▸ **Work item**
In your copy, set down the entries exactly and exclude the pictures.

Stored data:

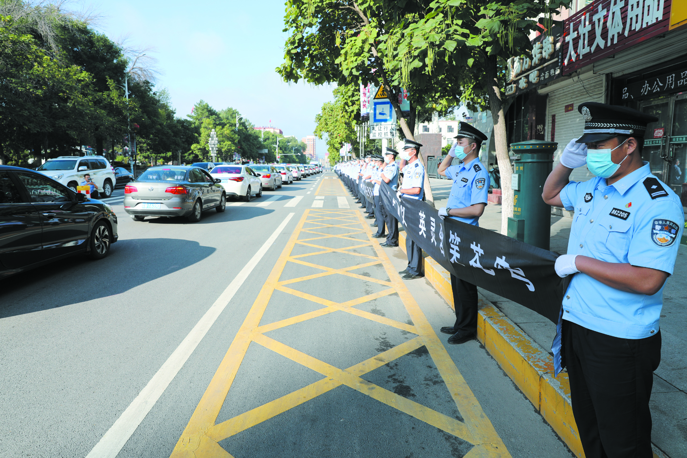 “赤膽忠心?鐵血柔情?揮淚送別魯春軍同志”“戰(zhàn)友魯春軍同志一路走好”……8月13日7時30分,在警車列隊護送下,載有魯春軍遺體的靈車從其家中緩緩駛向北票市殯儀館,自發(fā)趕來的民警們在道路旁手持挽聯(lián)肅穆而立,依次敬禮送魯春軍最后一程?;貞浧鹋c魯春軍共事的點點滴滴,北票市公安局蒙古營派出所民警董岳斌潸然淚下,“說好的下次我替你值班,你這讓我怎么還?”
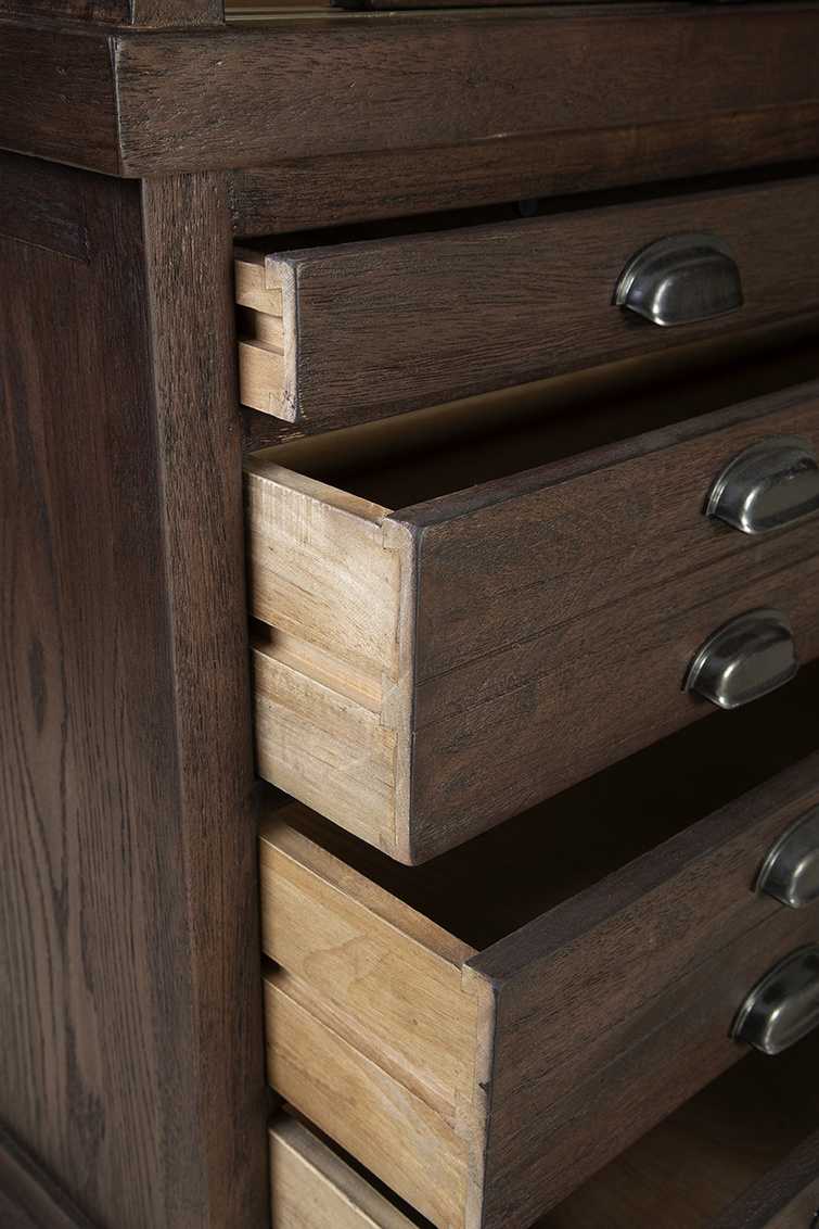 **Final Sale - All Items are sold as is, no returns unless damaged upon receipt. Moderately sized and full of charm, the Brown Single Balmoral Cabinet offers both hidden storage and display options. Crafted from solid wood in a classic dark brown finish, it features multiple drawers at the base for keeping items tucked away, while the glass-paneled top provides the perfect showcase for your favorite pieces. With its timeless design and versatile functionality, this cabinet is a stylish addition to dining rooms, living rooms, or any space in need of a refined display solution.
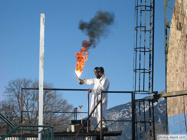 Four solaire concentrant les rayons du soleil , les 2000 degrés obtenus enflament instantanément un morceau de bois, France, Languedoc Roussillon, Cerdagne, Mont Louis
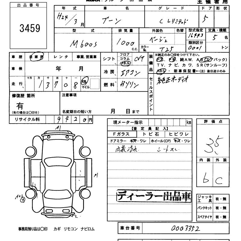 DAIHATSU BOON - лот 3459
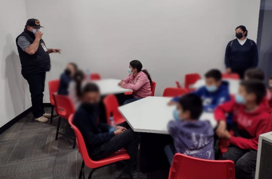 Hermosillo, Sonora; 25 de febrero de 2022.- Para crear desde temprana edad una cultura del cuidado y fomentar el uso correcto del 9-1-1, personal del Centro de Control, Comando, Comunicación, Cómputo, Coordinación e Inteligencia (C5i) Sonora, recibió en sus instalaciones a un grupo de niñas y niños de la colonia La Cholla en Hermosillo.

▸ **Answer**
 “赤膽忠心?鐵血柔情?揮淚送別魯春軍同志”“戰(zhàn)友魯春軍同志一路走好”……8月13日7時30分,在警車列隊護送下,載有魯春軍遺體的靈車從其家中緩緩駛向北票市殯儀館,自發(fā)趕來的民警們在道路旁手持挽聯(lián)肅穆而立,依次敬禮送魯春軍最后一程?;貞浧鹋c魯春軍共事的點點滴滴,北票市公安局蒙古營派出所民警董岳斌潸然淚下,“說好的下次我替你值班,你這讓我怎么還?”
 **Final Sale - All Items are sold as is, no returns unless damaged upon receipt. Moderately sized and full of charm, the Brown Single Balmoral Cabinet offers both hidden storage and display options. Crafted from solid wood in a classic dark brown finish, it features multiple drawers at the base for keeping items tucked away, while the glass-paneled top provides the perfect showcase for your favorite pieces. With its timeless design and versatile functionality, this cabinet is a stylish addition to dining rooms, living rooms, or any space in need of a refined display solution.
 Four solaire concentrant les rayons du soleil , les 2000 degrés obtenus enflament instantanément un morceau de bois, France, Languedoc Roussillon, Cerdagne, Mont Louis
 DAIHATSU BOON - лот 3459
 Hermosillo, Sonora; 25 de febrero de 2022.- Para crear desde temprana edad una cultura del cuidado y fomentar el uso correcto del 9-1-1, personal del Centro de Control, Comando, Comunicación, Cómputo, Coordinación e Inteligencia (C5i) Sonora, recibió en sus instalaciones a un grupo de niñas y niños de la colonia La Cholla en Hermosillo.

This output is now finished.